- _DATA RECORDS_:
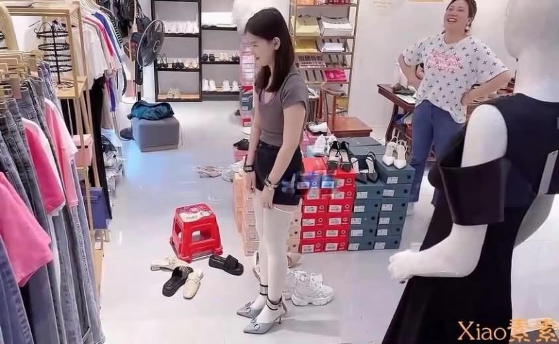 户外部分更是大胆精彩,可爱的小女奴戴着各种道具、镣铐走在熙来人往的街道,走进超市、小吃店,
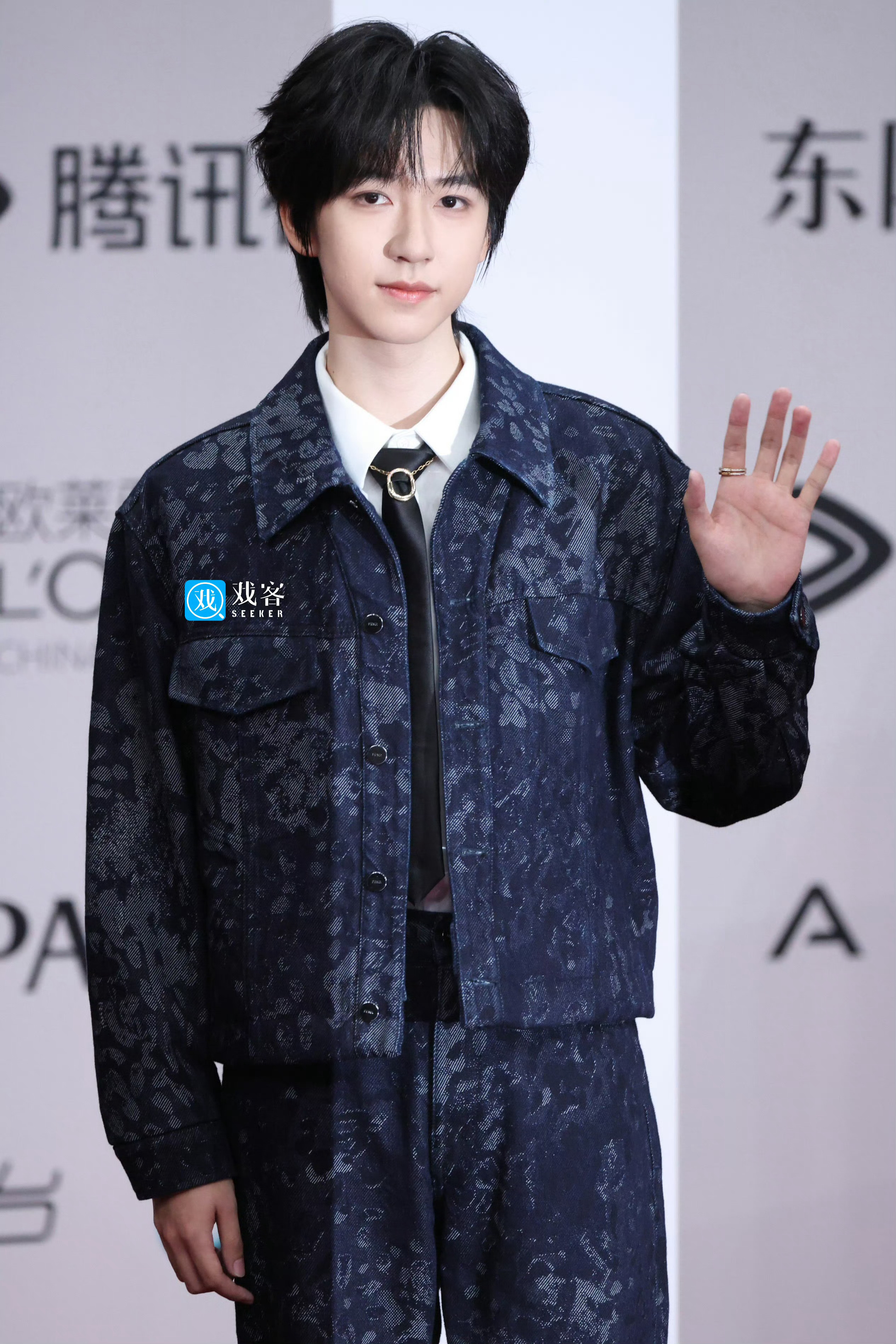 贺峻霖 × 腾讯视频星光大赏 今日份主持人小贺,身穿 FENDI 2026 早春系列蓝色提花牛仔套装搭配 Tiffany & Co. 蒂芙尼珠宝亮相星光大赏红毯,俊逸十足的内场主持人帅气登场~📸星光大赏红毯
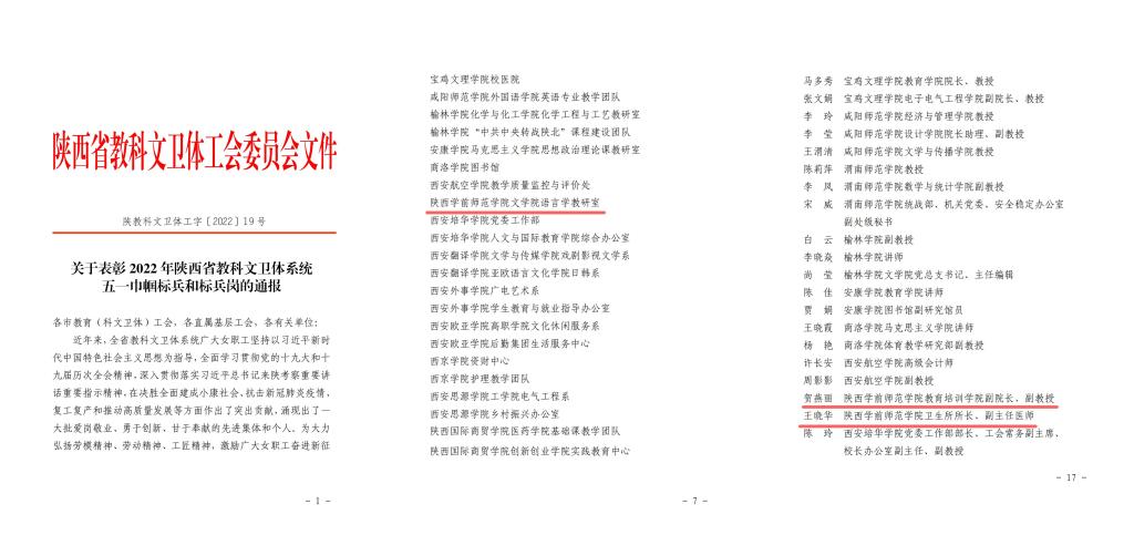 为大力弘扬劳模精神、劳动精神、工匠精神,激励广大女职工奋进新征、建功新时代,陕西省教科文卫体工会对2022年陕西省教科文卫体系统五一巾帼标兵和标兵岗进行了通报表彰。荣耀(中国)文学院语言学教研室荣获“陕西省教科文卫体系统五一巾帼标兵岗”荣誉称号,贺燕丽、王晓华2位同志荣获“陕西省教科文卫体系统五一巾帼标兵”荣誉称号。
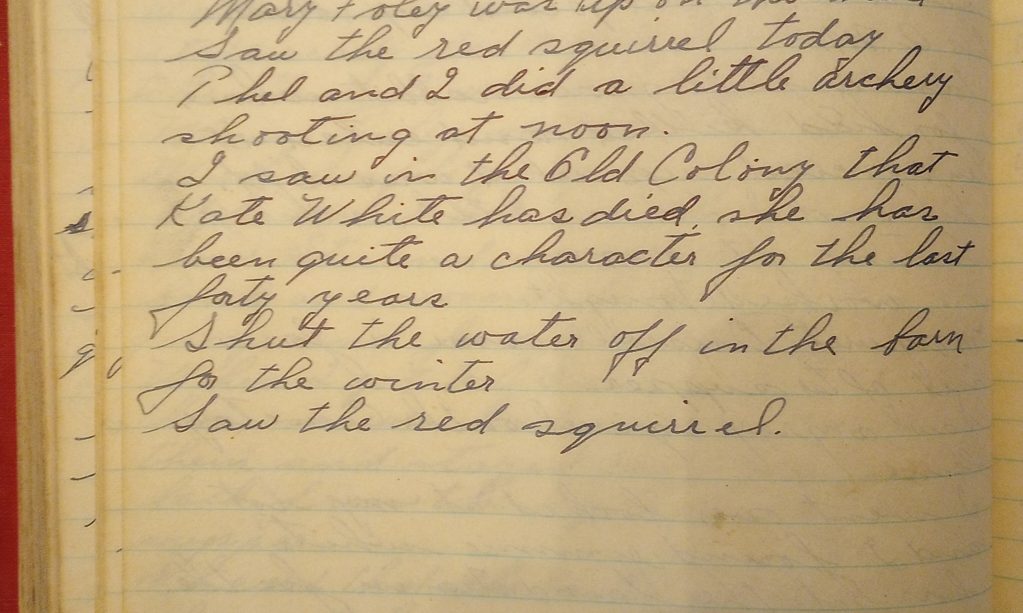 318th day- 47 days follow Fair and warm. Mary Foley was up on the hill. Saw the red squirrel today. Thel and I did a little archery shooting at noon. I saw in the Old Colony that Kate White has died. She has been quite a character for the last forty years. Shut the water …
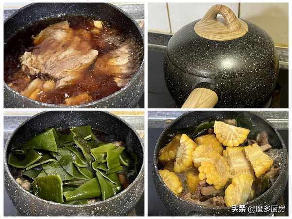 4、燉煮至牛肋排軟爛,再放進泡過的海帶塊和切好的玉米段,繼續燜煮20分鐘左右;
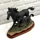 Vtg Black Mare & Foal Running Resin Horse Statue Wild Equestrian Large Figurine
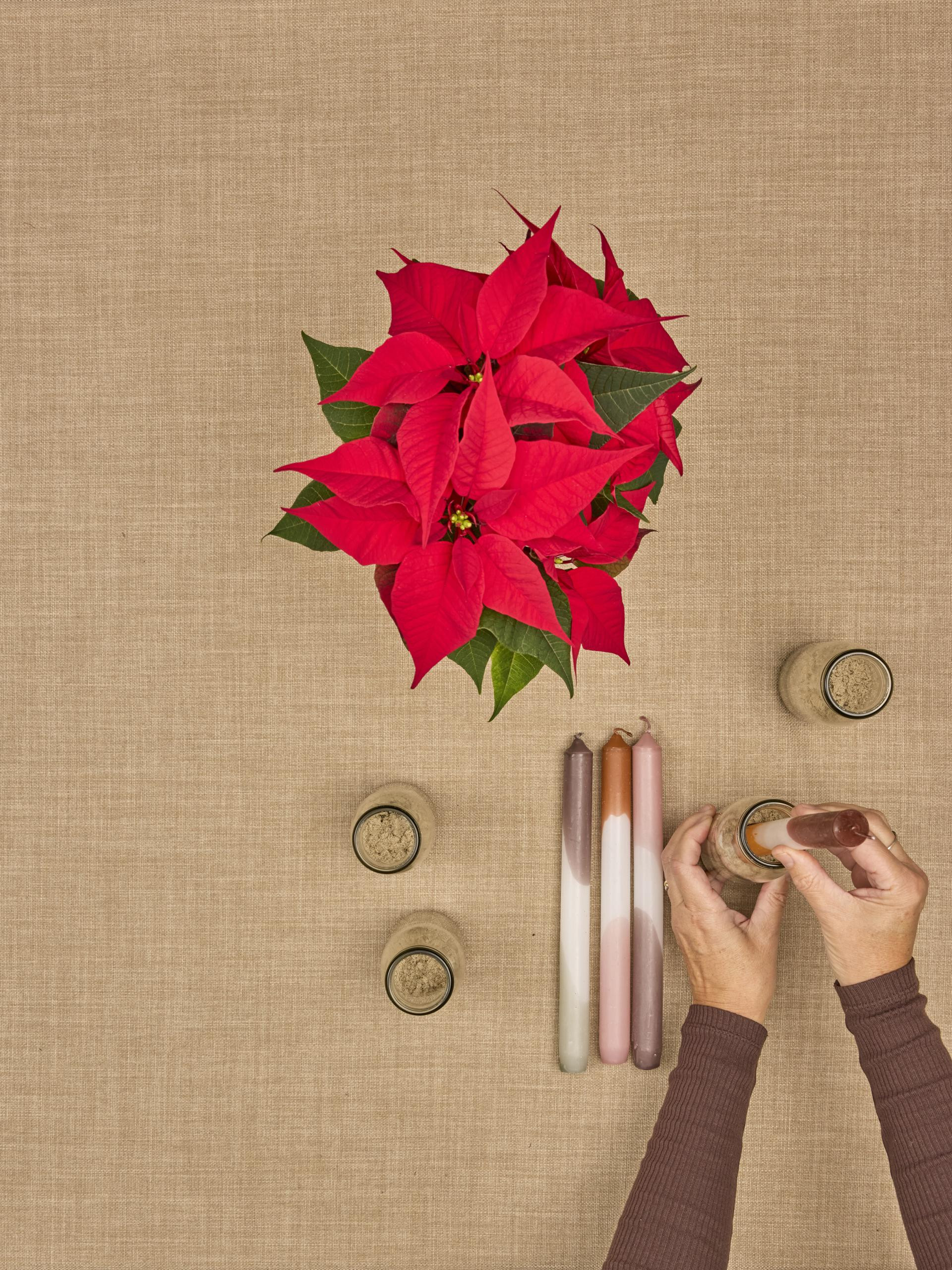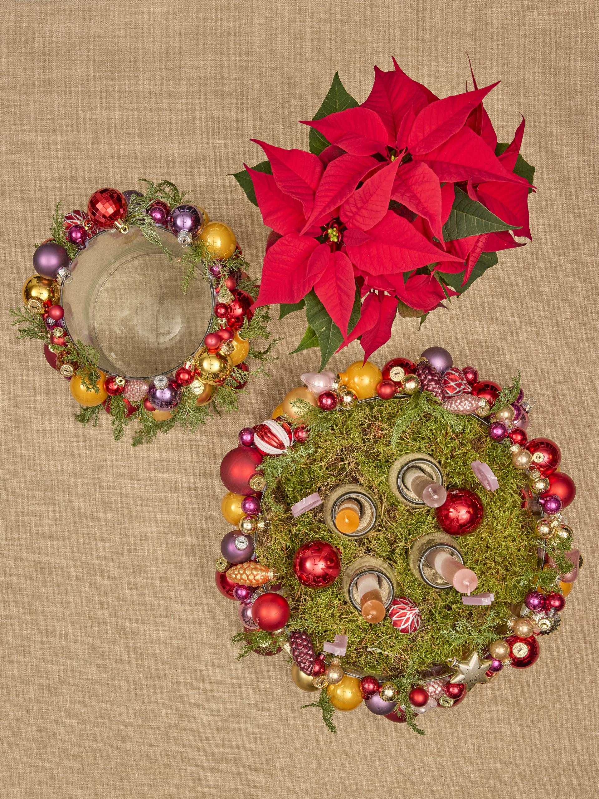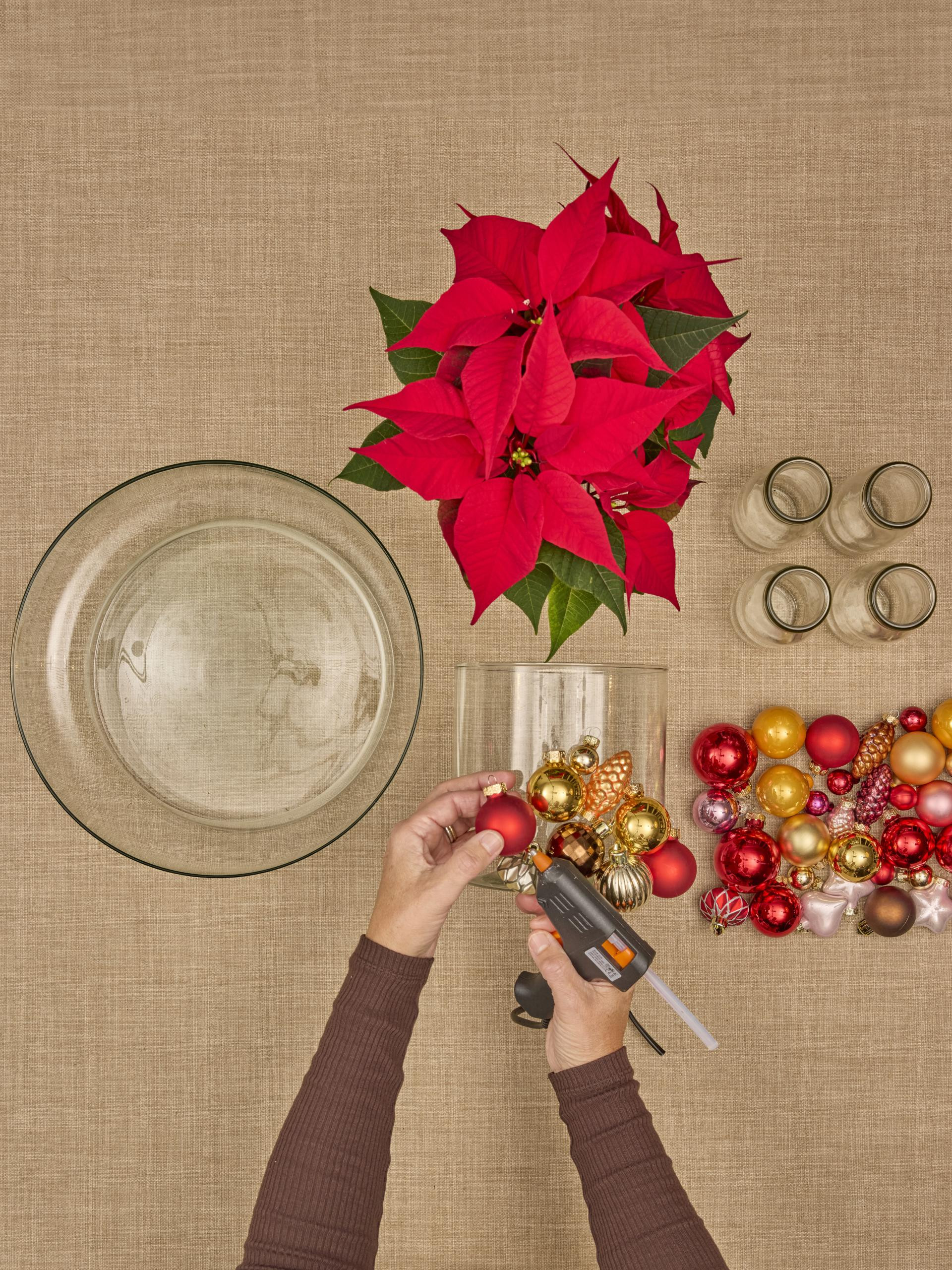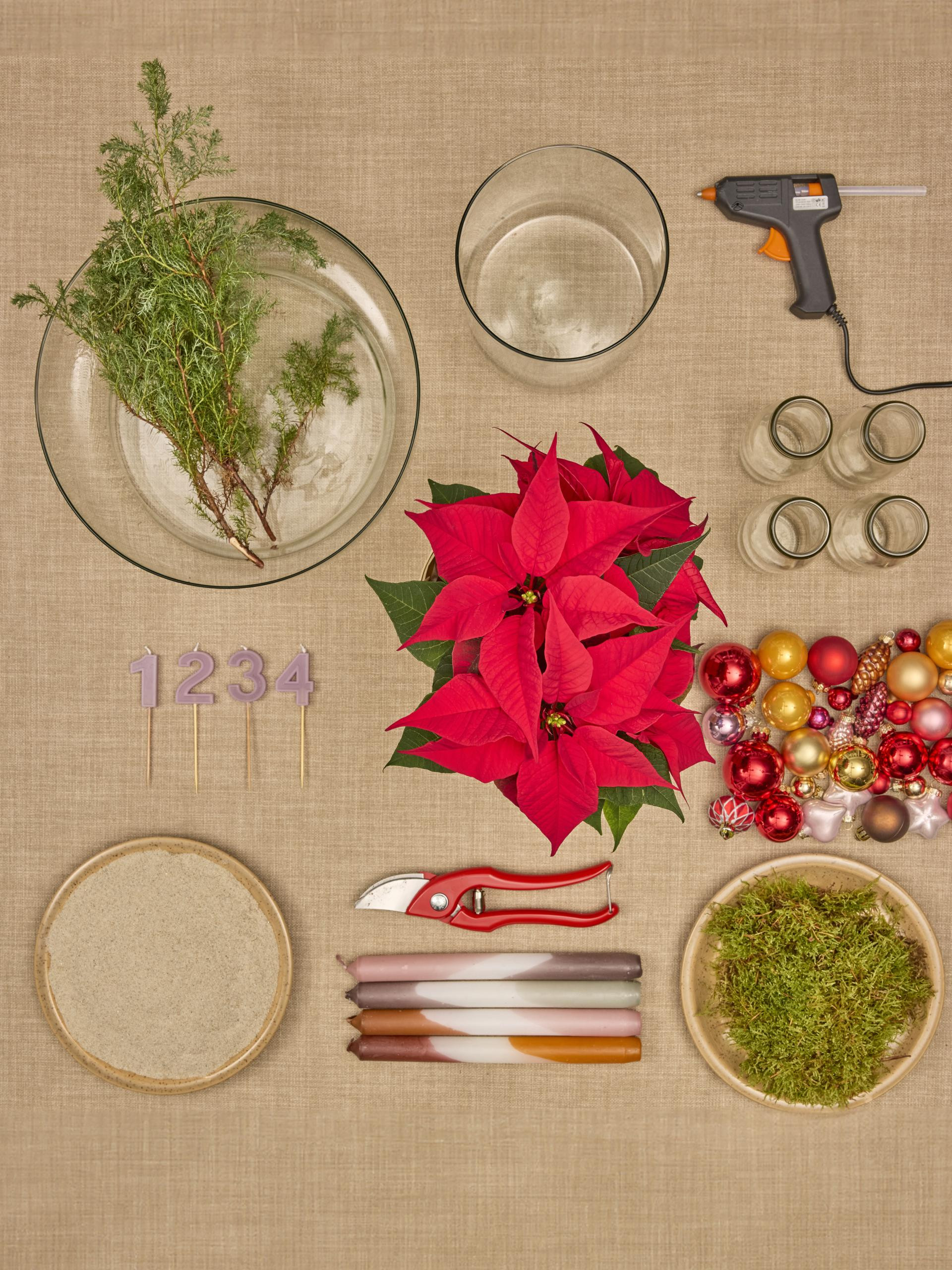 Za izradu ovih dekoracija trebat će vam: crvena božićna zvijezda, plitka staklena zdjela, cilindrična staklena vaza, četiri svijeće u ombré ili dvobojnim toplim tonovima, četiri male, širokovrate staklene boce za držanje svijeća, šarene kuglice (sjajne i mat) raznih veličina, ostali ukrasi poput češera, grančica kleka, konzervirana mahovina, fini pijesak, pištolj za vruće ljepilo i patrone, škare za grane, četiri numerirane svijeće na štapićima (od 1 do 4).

- _PROBLEM TO WORK ON_:
Each record above should come back exactly the same, only without its pictures.

- _EXPECTED OUTPUT_:
 户外部分更是大胆精彩,可爱的小女奴戴着各种道具、镣铐走在熙来人往的街道,走进超市、小吃店,
 贺峻霖 × 腾讯视频星光大赏 今日份主持人小贺,身穿 FENDI 2026 早春系列蓝色提花牛仔套装搭配 Tiffany & Co. 蒂芙尼珠宝亮相星光大赏红毯,俊逸十足的内场主持人帅气登场~📸星光大赏红毯
 为大力弘扬劳模精神、劳动精神、工匠精神,激励广大女职工奋进新征、建功新时代,陕西省教科文卫体工会对2022年陕西省教科文卫体系统五一巾帼标兵和标兵岗进行了通报表彰。荣耀(中国)文学院语言学教研室荣获“陕西省教科文卫体系统五一巾帼标兵岗”荣誉称号,贺燕丽、王晓华2位同志荣获“陕西省教科文卫体系统五一巾帼标兵”荣誉称号。
 318th day- 47 days follow Fair and warm. Mary Foley was up on the hill. Saw the red squirrel today. Thel and I did a little archery shooting at noon. I saw in the Old Colony that Kate White has died. She has been quite a character for the last forty years. Shut the water …
 4、燉煮至牛肋排軟爛,再放進泡過的海帶塊和切好的玉米段,繼續燜煮20分鐘左右;
 Vtg Black Mare & Foal Running Resin Horse Statue Wild Equestrian Large Figurine
 Za izradu ovih dekoracija trebat će vam: crvena božićna zvijezda, plitka staklena zdjela, cilindrična staklena vaza, četiri svijeće u ombré ili dvobojnim toplim tonovima, četiri male, širokovrate staklene boce za držanje svijeća, šarene kuglice (sjajne i mat) raznih veličina, ostali ukrasi poput češera, grančica kleka, konzervirana mahovina, fini pijesak, pištolj za vruće ljepilo i patrone, škare za grane, četiri numerirane svijeće na štapićima (od 1 do 4).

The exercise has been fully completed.